Can confirm this is working! It fixed my issue at last. Thanks a lot!

hey@ hariedo
can you please explain what you meant by " hardcoded my particular USB audio source and the headphone audio sink into the system-wide defaults " as I stuck at this step.
thank-you in advance!

@Nithish_Reddy, execute the two commands I show above that start with pactl. These list your audio sources (microphones, etc.) and your audio sinks (speakers, headphones, etc.). For me, I had a USB device which included a microphone, so the device name alsa_input.usb-046d_080a_918E0EA3-02-U0x46d0x80a.analog-mono was listed, but your device probably will have a different name.

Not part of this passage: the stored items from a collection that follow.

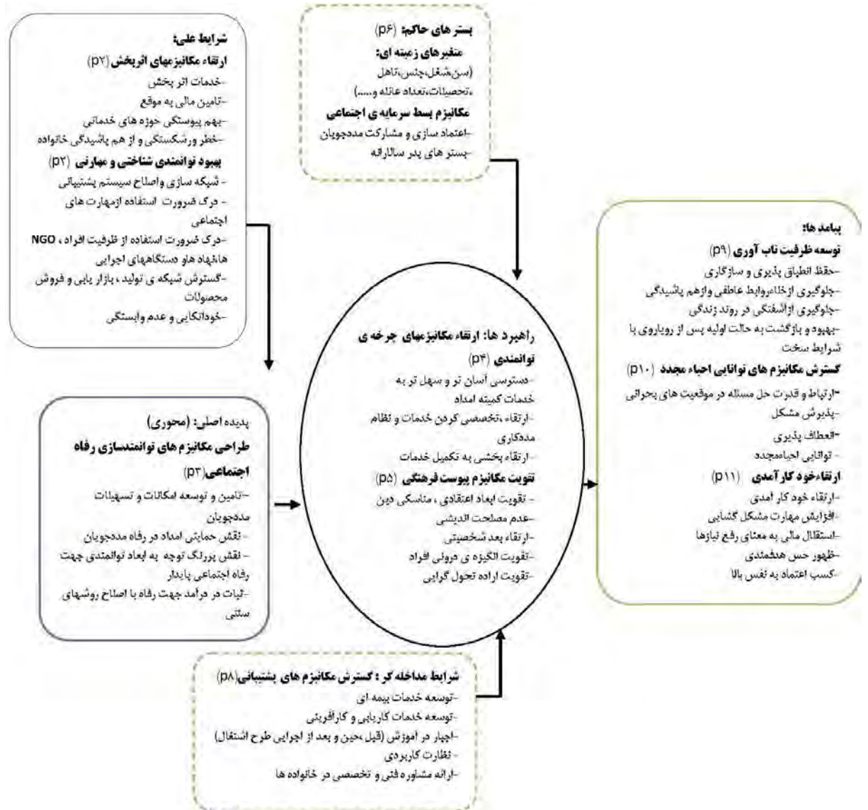
نمودار (۲): کدگذاری محوری بر اساس مدل پارادایم
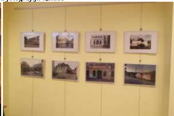
Fotoizstāde – „Saldus dabas kultūrvides attēls”
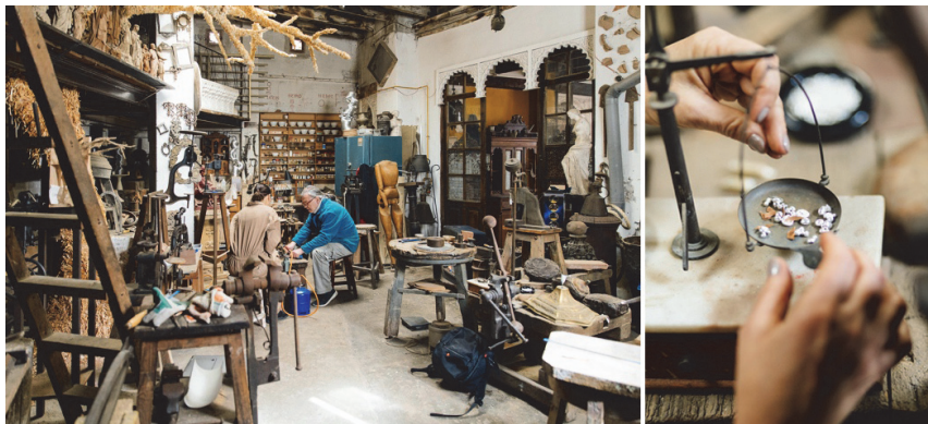
Figura 1. Investigaciones paralelas: activación del taller, aplicaciones de metalistería

Con todo ello, y no ahondando ahora en otros momentos de la historia más reciente del barrio, podemos constatar que las decisiones urbanísticas y patrimoniales -no pocas veces relacionadas con tendencias especulativas- que se han tomado y se siguen tomando, han alterado el tejido social de un modo brusco, habiéndose producido movimientos migratorios forzados (bien directamente por expropiaciones, por motivos económicos o por imposibilidad de desarrollar determinadas actividades económicas, resultantes estas últimas por el soterramiento de las fuentes de agua) de vecinos a otras partes de la ciudad.

Once I chose the source and sink from that output, I edited my /etc/pulse/default.pa file (using sudo since it’s not owned by the pi user). I added two lines to that file, which I show above, each beginning with the words set-default-. Then I restarted the Raspberry Pi to ensure everything reloads.

This kind of workaround is called “hardwiring” because it makes the system less flexible. If you choose a new USB device, you have to go through this fix process again. If the Mycroft team fixes it in the future to be smart, then this hardwiring fix might get in the way of it.

@hariedo , Thank-you very much, for your help. Current update fixed my problem.